As far as drugs go, have you tried kava-kava? The shit is actually surprisingly potent and really does the trick. 
Whenever I find myself asking "what's the point of life" is when i know i'm depressed, i feel it's a curse for those of us that are cerebral, I mean, so many people are just so fucking vapid and never question anything in their lives. At least we're not them.


----------



## Koala (May 13, 2018)

Yeah definitely sounds like a depressive episode/anxiety thing. I'd never had depressive insomnia til my most recent episode dec/jan/feb of this year. No matter what time I fell asleep (midnight, 1, 2, 3am, usually after a few hours of racing thoughts/crying), I would wake up at pretty much 7am on the dot. I'd never been so exhausted longterm. I'd always been so good at sleeping so it was horrible.

I think the fact that it's getting warmer with longer days will help you, and yeah definitely avoiding drugs and alcohol. Perhaps seeing family will be good as well.

As for sleeping, I would use ear plugs sometimes or fall asleep with headphones and some instrumental/soft music. 

I reached out to friends, did some writing, and tried to be patient and take care of myself as best I could. Eventually, things just evened out for me and I was able to get restful sleep. 

Wishing you some good sleep soon, dude


----------



## siid (May 13, 2018)

im wondering the same thing dude. 

ive had insomnia for 10 years and it really does feel like i havent slept in 10 years. along with depression/anxiety for the same amount of years, my brain decided to conjure these things up at the same time, i thought it was a phase due to puberty and hormonal changes well guess what, 10 years later, ITS NOT. Haha 

the times i sleep, i dont wake up feeling well rested at all. And im a light sleeper so i always wake up.
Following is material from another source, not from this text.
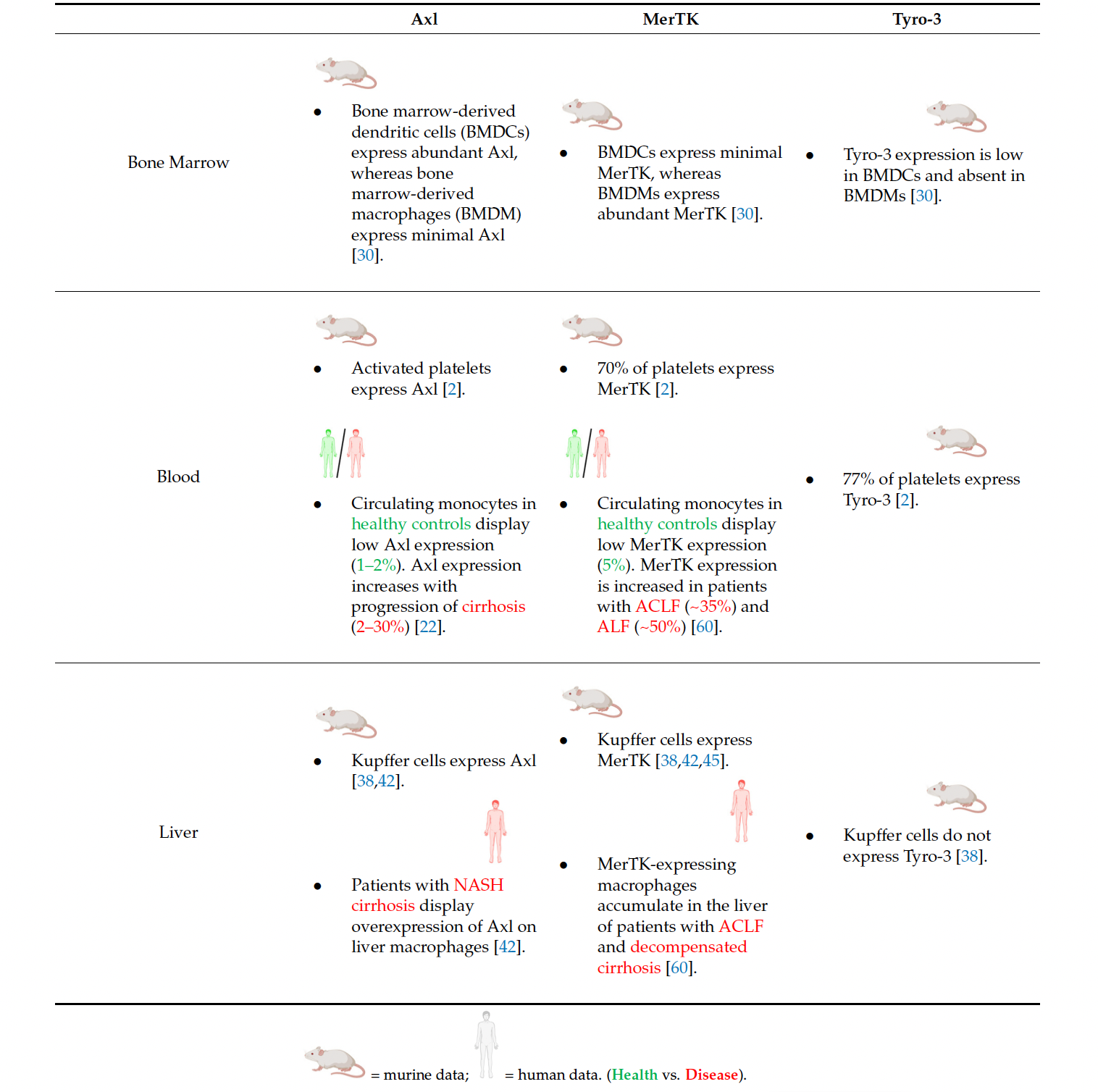 Table 1. TAM receptor expression in myeloid cell subsets in liver and extrahepatic compartments.

I can very specifically remember maybe 3 times in the last 10 years where i woke up feeling well rested and i was like woah, is this sleep? Ive never in my life slept an entire 6+ hours straight. I dont even know how thats possible or how other people can do that. 
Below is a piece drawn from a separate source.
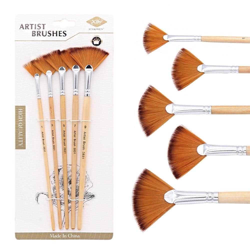 雙色扇形畫筆5入組 (畫筆 刷具 水彩筆 尼龍毛 原木桿 魚尾扇形 手繪筆 水粉筆 油畫筆 彩繪筆 開學季)

however, i fall asleep faster, sleep better, wake up feeling slightly more energized when i sleep outside on the street or whatever. i go to bed early and rise with the sun. But when im indoors, nope, no sleep. is there a difference in the quality of your sleep when your indoors/outdoors ? 
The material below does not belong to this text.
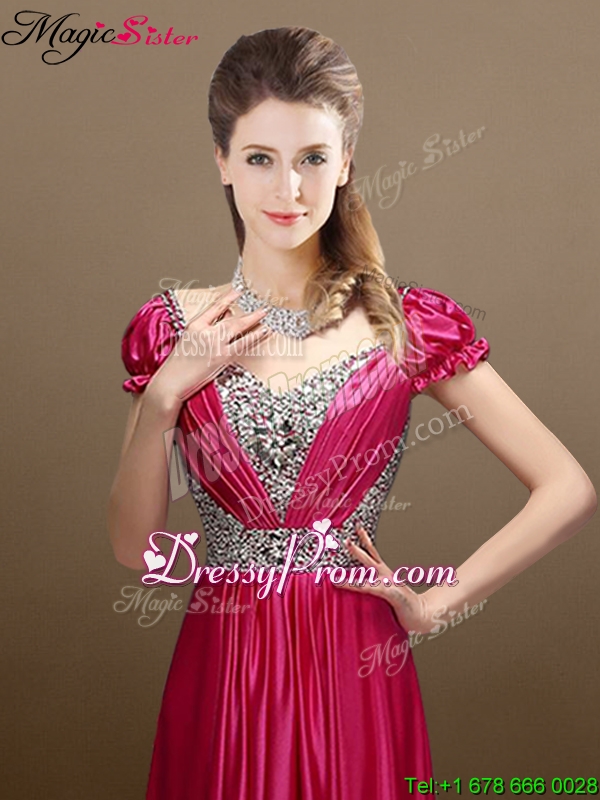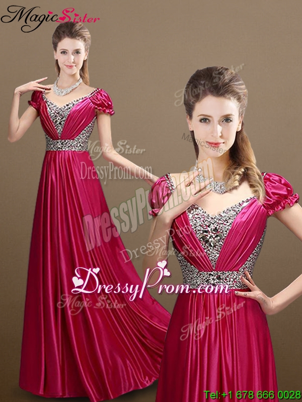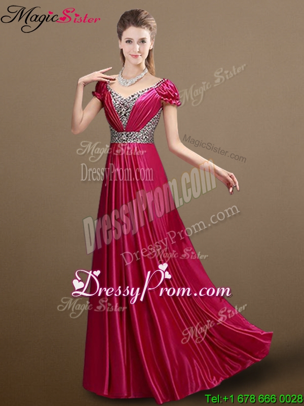 Neckline : V-neckShown Color : Wine RedSilhouette : EmpireSleeve Length : short sleevesHemline : floor lengthBack Detail : Lace upFabric : Elastic Woven SatinEmbellishment : BeadingOccasion : Prom,Formal Evening,Homecoming,Graduation,Pageant,HolidaySeason : Spring,Summer,Fall,Winter

ive tried tons of things bad and good just to be able to sleep a lil bit, hard drugs, xanax, drinking but its not real sleep and usually wake up feeling worse. I will list some stuff and things , herbs, techniques, or whateva, things ive tried in my years of research misery and sorrow to no avail haha and ill take some pix of stuff i have and post them although you might have already tried or read about some of these things so 
UNO MOMENTO POR FAVOR


----------



## BelleBottoms (May 13, 2018)

My huz and I went thru some shit that had the docs throwing every name there is in anxiety drugs our way. 
Huz got off them first. He was all anxiety/ ptsd, no depression. Had to smoke weed/ drink himself to sleep every night for about a year and a half. 
I got off them about a year after he did. My cocktail included treatment for anxiety/ ptsd/ depression, plus speed to keep me awake at work. My withdrawl included seizures (1 big, and 1 mini) and 6 to 8 months of insomnia. 

Our prescribed brands and dosages were different, and were for different durations. We both went through months of "trial & error testing" to find the drug brands that worked best. (Pro tip: they all suck, sooner or later.)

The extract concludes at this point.